Bosch le estrechó la mano y retrocedió. Después de otra pausa incómoda, Madeline dio un paso adelante y abrazó a Sun. Bosch vio la expresión en la cara de Sun a pesar de las gafas de sol. No importaban sus diferencias, Bosch sabía que Sun había encontrado alguna clase de resolución en el rescate de Madeline. Quizás eso le permitiría encontrar consuelo en sí mismo.

– Lo siento -dijo Madeline.

Sun retrocedió y deshizo el abrazo.

– Ahora vete -dijo-. Que seas feliz.

Lo dejaron allí y se dirigieron a la terminal principal a través de las puertas de cristal.

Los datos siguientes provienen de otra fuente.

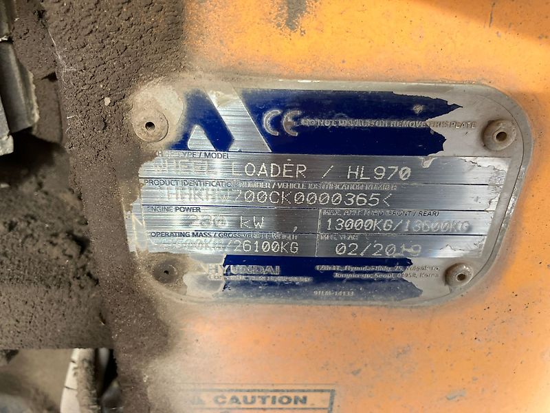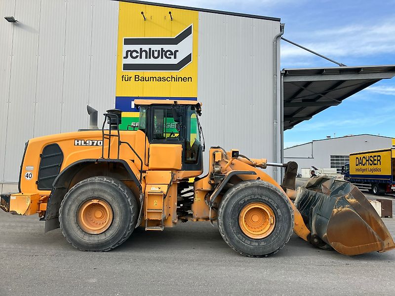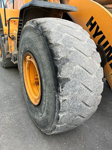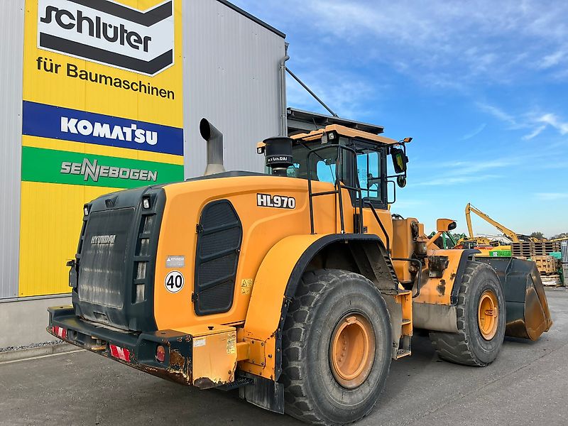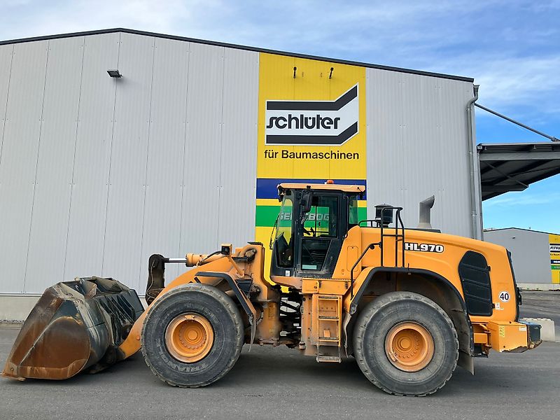 RADLADER HYUNDAI HL 970 HD 5-ZYLINDER SCANIA-MOTOR, 230 KW BETRIEBSGEWICHT: CA 26,1 TO. SICHERHEITS-FAHRERHAUS (ROPS) 40 KM/H VERSION STANDARD HUBGERÜST MULTIFUNKTIONSHEBEL AUFSTIEGE RADABDECKUNG ARBEITSBELEUCHTUNG RADIO BEREIFUNG 26.5 R25 TBS16 4,6 CBM LADESCHAUFEL, 3.100 MM

Bosch y su hija encontraron la ventanilla de primera clase de Cathay Pacific y Harry compró dos billetes para el vuelo de las 23.40 a Los Ángeles. Consiguió que le devolvieran el importe de su vuelo previsto para la mañana siguiente, pero aun así tuvo que usar dos tarjetas de crédito para cubrir el coste total. No le importó. Sabía que a los pasajeros de primera clase les daban un trato especial que les permitía pasar más deprisa por los controles de seguridad y eran los primeros en subir a los aviones. Era menos probable que el personal y el servicio de seguridad del aeropuerto y la compañía aérea se preocuparan con viajeros de dicha clase, aunque éstos fueran un hombre despeinado con sangre en la chaqueta y una niña de trece años que parecía incapaz de contener las lágrimas.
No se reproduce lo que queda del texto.